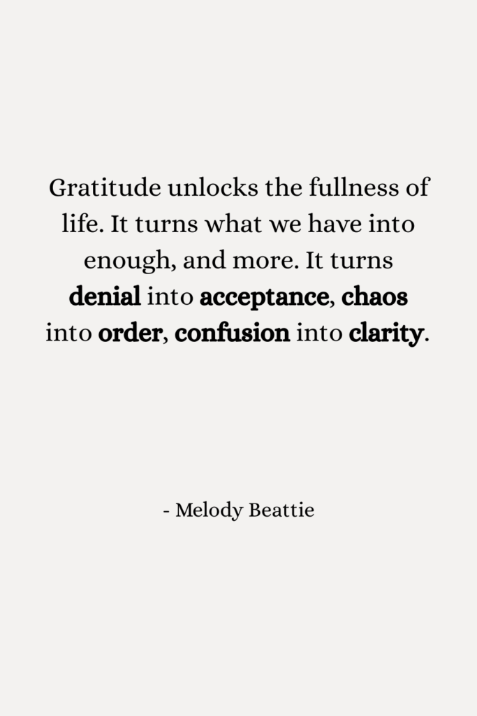 #1 “Gratitude unlocks the fullness of life. It turns what we have into enough, and more. It turns denial into acceptance, chaos into order, confusion into clarity.” – Melody Beattie
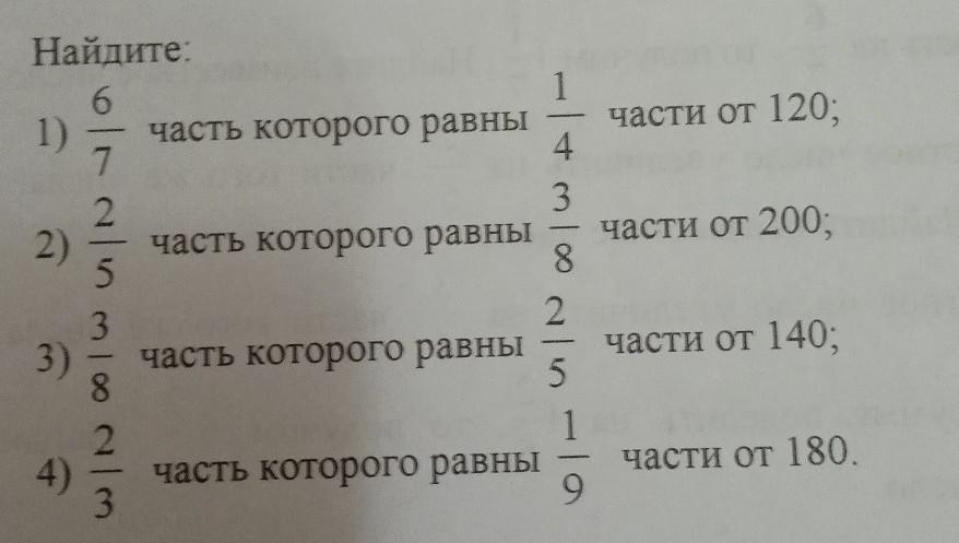 2) 2/5 часть которого павны 3/8 от 200.3)3/8 часть которого равны 2/5 части от 140.4)2/3 часть которого равны 1/9 части от 180 плииииз
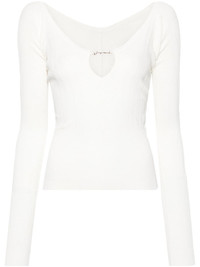 Le Haut Pralu ribbed top Highlights - Off-white - Ribbed knit - Gold-tone logo lettering - Cut-out detailing - Scallop edge - V-neck - Long sleeves - Ribbed cuffs and hem Imported Composition Viscose 94%, Polyester 6% SIZE & FIT Model measurements Height 5 ft 10 in(1.78 m) Bust/Chest 31.49 in(80 cm) Hips 35.03 in(89 cm) Waist 23.62 in(60 cm)
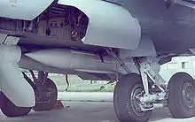 ![]() AIM-54A Phoenix под крылом перехватчика F-14A Tomcat на морской авиабазе Patuxent River, (штат Мэриленд, США), 13 мая 1984 года. | |
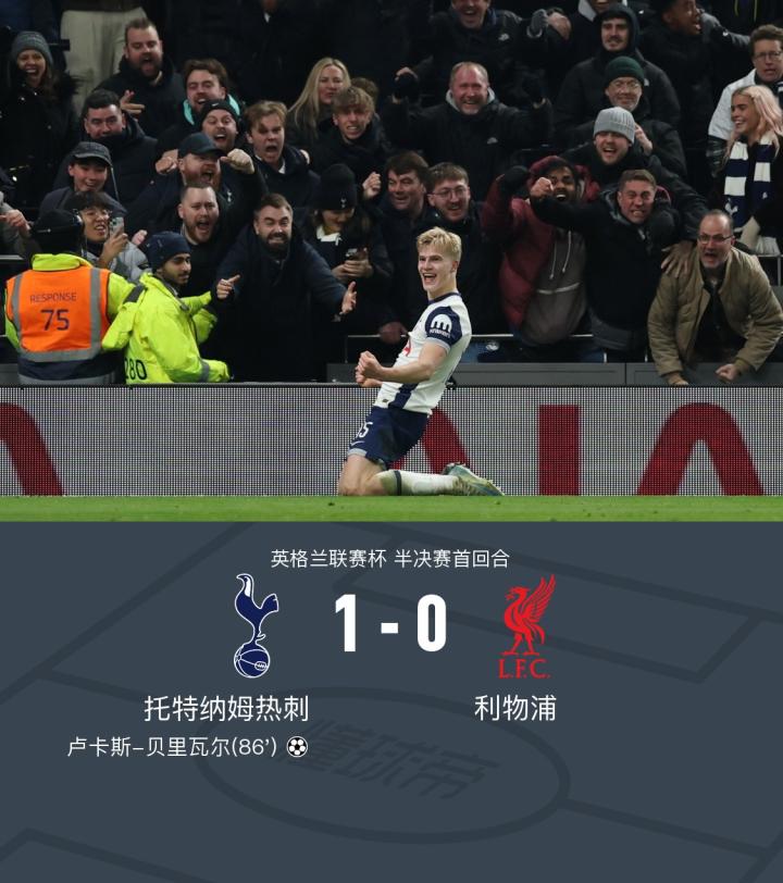 在英格兰联赛杯半决赛首回合的较量中,托特纳姆热刺迎战利物浦。上半场本坦库尔、夸安萨伤退,阿利松救险下半场德拉古辛门线解围,索兰克破门被吹越位,贝里瓦尔低射破门。最终,托特纳姆热刺以1-0战胜利物浦,取得了比赛的胜利。
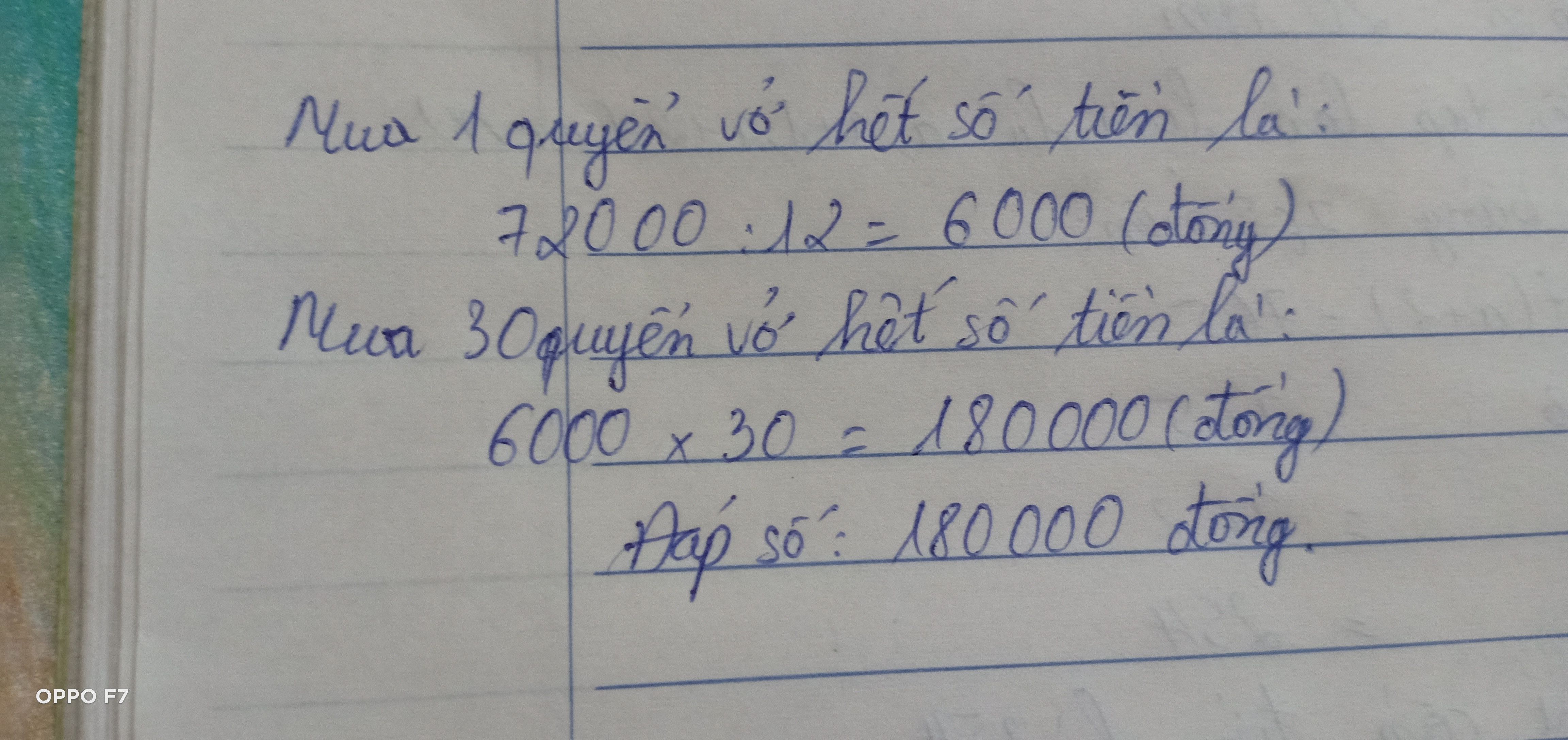 Mua 12 quyển vở hết 72000 đồng.Hỏi mua 30 quyển vở như thế hết bao nhiêu tiền
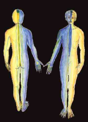Stärker differenziert und nicht mehr so deutlich sichtbar zeigen sich am Menschen außer den oben/unten Polaritäten auch solche zwischen vorne und hinten, rechter und linker Seite. Dasselbe Bild wiederholt sich an den Gliedmaßen. Die Untersuchungen jener differenzierten Polarisationen wurden von H. Durville an Medien mittels Mesmerismus durchgeführt. Die Ergebnisse befinden sich in sehr guter Übereinstimmung mit den yin/yang Polaritäten im Taoismus und der Akkupunktur. Die gelbe Polarität entspricht yang, die blaue entspricht yin.
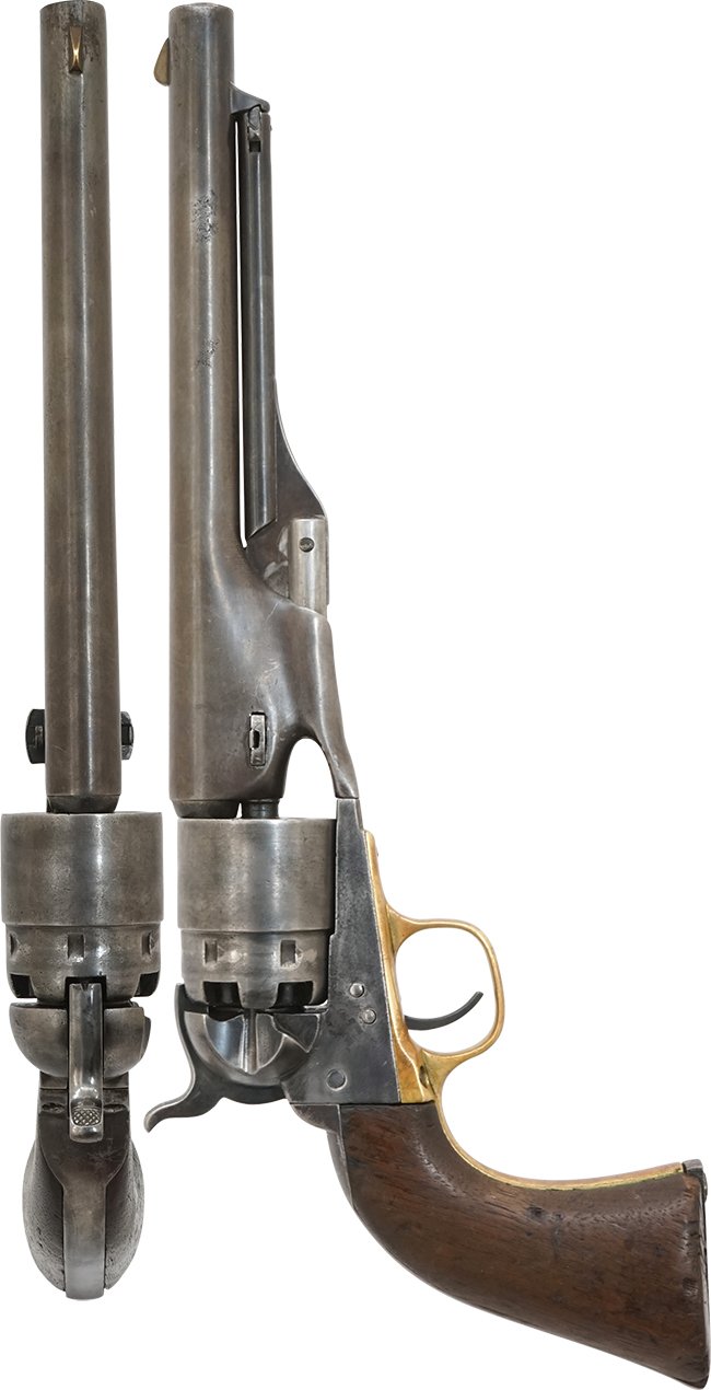 コルト社のパーカッション・リボルバーの特徴として銃身部分とフレーム部分がシリンダーを挟むように、前後に分解出来る構造になっています。 バレル・ウェッジと呼ばれる「楔」のような小さな部品を右から左に押し出す事によって、銃身部分とフレーム部分が容易に分離します。 シリンダーには1843年のカンペチェ海戦 (Naval Battle of Campeche) でテキサス海軍がメキシコ海軍を破る場面がエングレービングされています。 蛇足になりますが「M1860 Army Revolver」のモデル名は20世紀になってからコレクターが便宜上付けた名称で、発売当初のコルト社カタログでは「Colt Holster Pistol, Enlarged Caliber」となっています。 尚、「M1851 Navy Revolver」は「Colt Revolving Belt Pistol of Naval Caliber」です。(MM)
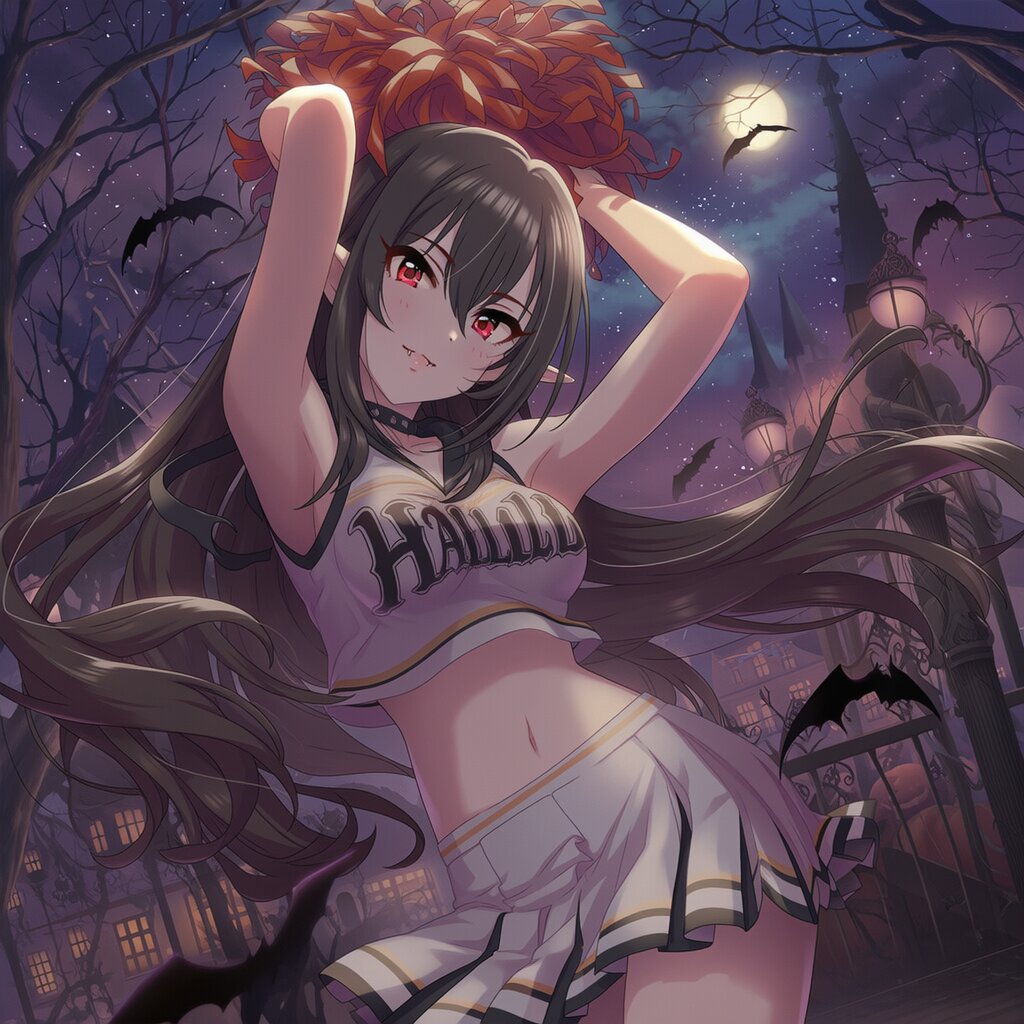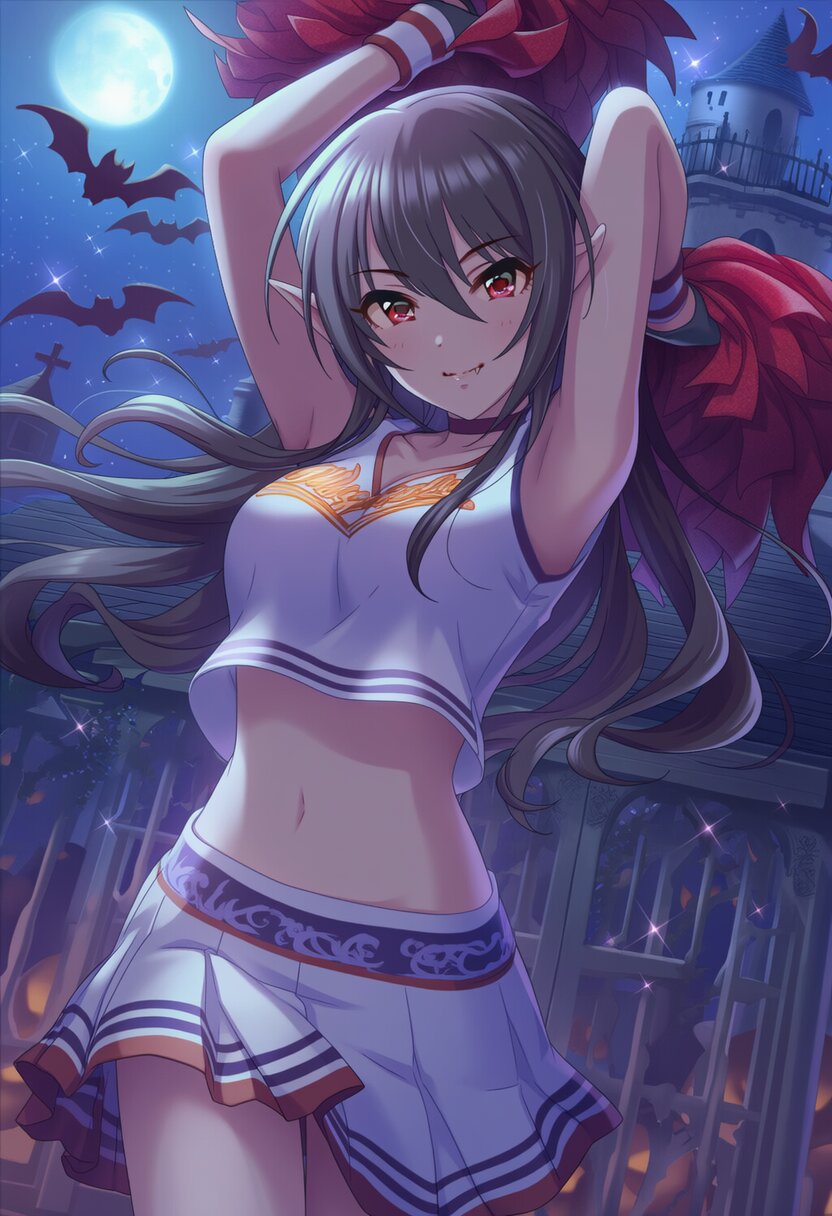 {{{highly detailed}}}, {{official style}}, {{game cg}}, {{intricate}}, {{{detailed beautiful eyes, detailed beautiful face, detailed beautiful face and eyes}}}, 1girl, solo, {{idolmaster cinderella girls}}, red eyes, long hair, black hair, hair between eyes, medium breasts, elven ears, light smile, cowboy shot, {{{halloween, halloween costume}}}, delicate and of a female vampire standing on a castle porch under a starry sky, super delicate face with dynamic angles, super feminine, {charming smile: 1.5}, navel, {{wearing white cheerleader costume, halloween costume}}, {{holding a red pompon}}, {{{arms up}}}, star-filled sky background, moon, bats flitting about, {bats: 1.5}, starry sky, {{{masterpiece}}}, {{{best quality}}}, {{{very aesthetic}}}, {{{ultra-detailed}}}, {illustration}, {{{extremely detailed}}}, {{{an extremely delicate and beautiful}}}
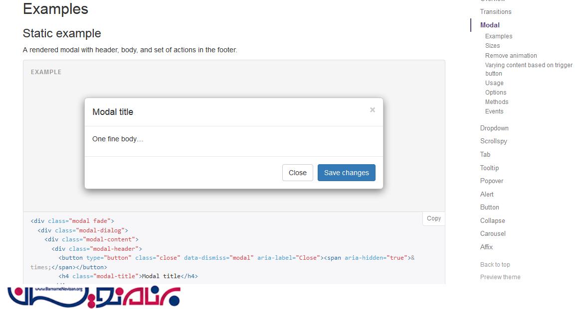 حال در سایت getbootstrap.com رفته و در قسمت Java Script یک نوع از modelهایی را میپسندید را انتخاب کنید
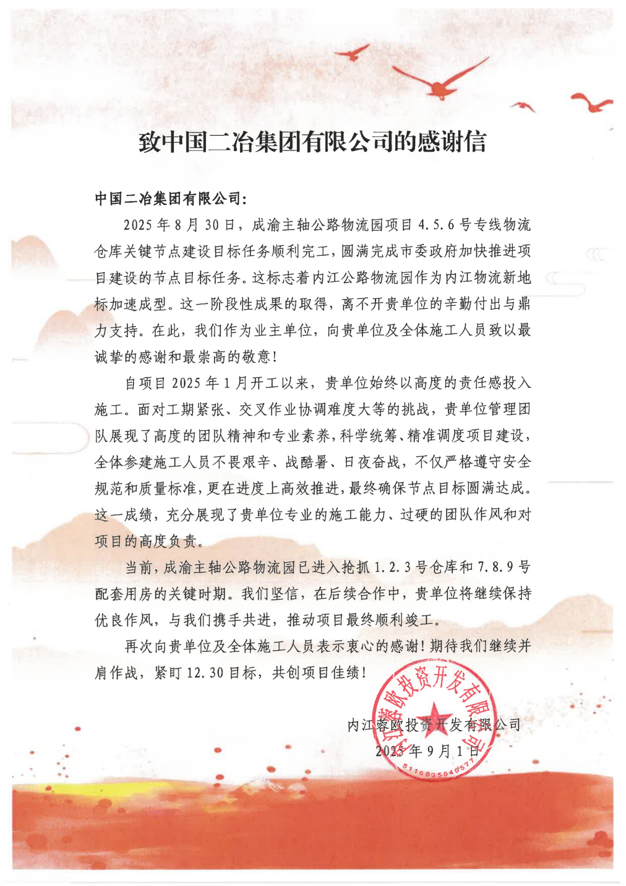 此封表揚(yáng)信不僅是對(duì)中國二冶項(xiàng)目團(tuán)隊(duì)的卓越表現(xiàn)的高度認(rèn)可,更是對(duì)中國二冶整體企業(yè)精神和綜合實(shí)力的有力肯定。這封信件不僅彰顯了中國二冶在復(fù)雜工程項(xiàng)目中的專業(yè)管理能力和高效執(zhí)行力,還體現(xiàn)了對(duì)合作伙伴關(guān)系的深度重視,進(jìn)一步提升了企業(yè)在行業(yè)內(nèi)的聲譽(yù)和影響力,為后續(xù)項(xiàng)目合作注入了強(qiáng)大動(dòng)力。
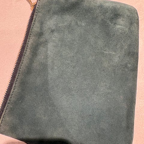 . Vesken har strukturert skinn på utsiden og innside med klassisk Gucci-mønster. Lukkes med glidelås øverst og har en avtagbar håndrem i samme farge og materiale. Passer til oppbevaring av mindre eiendeler som mobil, nøkler og kort. Laget i skinn (lær).

________________________________________

REQUIRED ACTION: The answer must consist of the line containing "此封表揚(yáng)信不僅是" and every line after it through the end of the records, retyped exactly, with all pictures left out.

TASK ANSWER:
 此封表揚(yáng)信不僅是對(duì)中國二冶項(xiàng)目團(tuán)隊(duì)的卓越表現(xiàn)的高度認(rèn)可,更是對(duì)中國二冶整體企業(yè)精神和綜合實(shí)力的有力肯定。這封信件不僅彰顯了中國二冶在復(fù)雜工程項(xiàng)目中的專業(yè)管理能力和高效執(zhí)行力,還體現(xiàn)了對(duì)合作伙伴關(guān)系的深度重視,進(jìn)一步提升了企業(yè)在行業(yè)內(nèi)的聲譽(yù)和影響力,為后續(xù)項(xiàng)目合作注入了強(qiáng)大動(dòng)力。
 . Vesken har strukturert skinn på utsiden og innside med klassisk Gucci-mønster. Lukkes med glidelås øverst og har en avtagbar håndrem i samme farge og materiale. Passer til oppbevaring av mindre eiendeler som mobil, nøkler og kort. Laget i skinn (lær).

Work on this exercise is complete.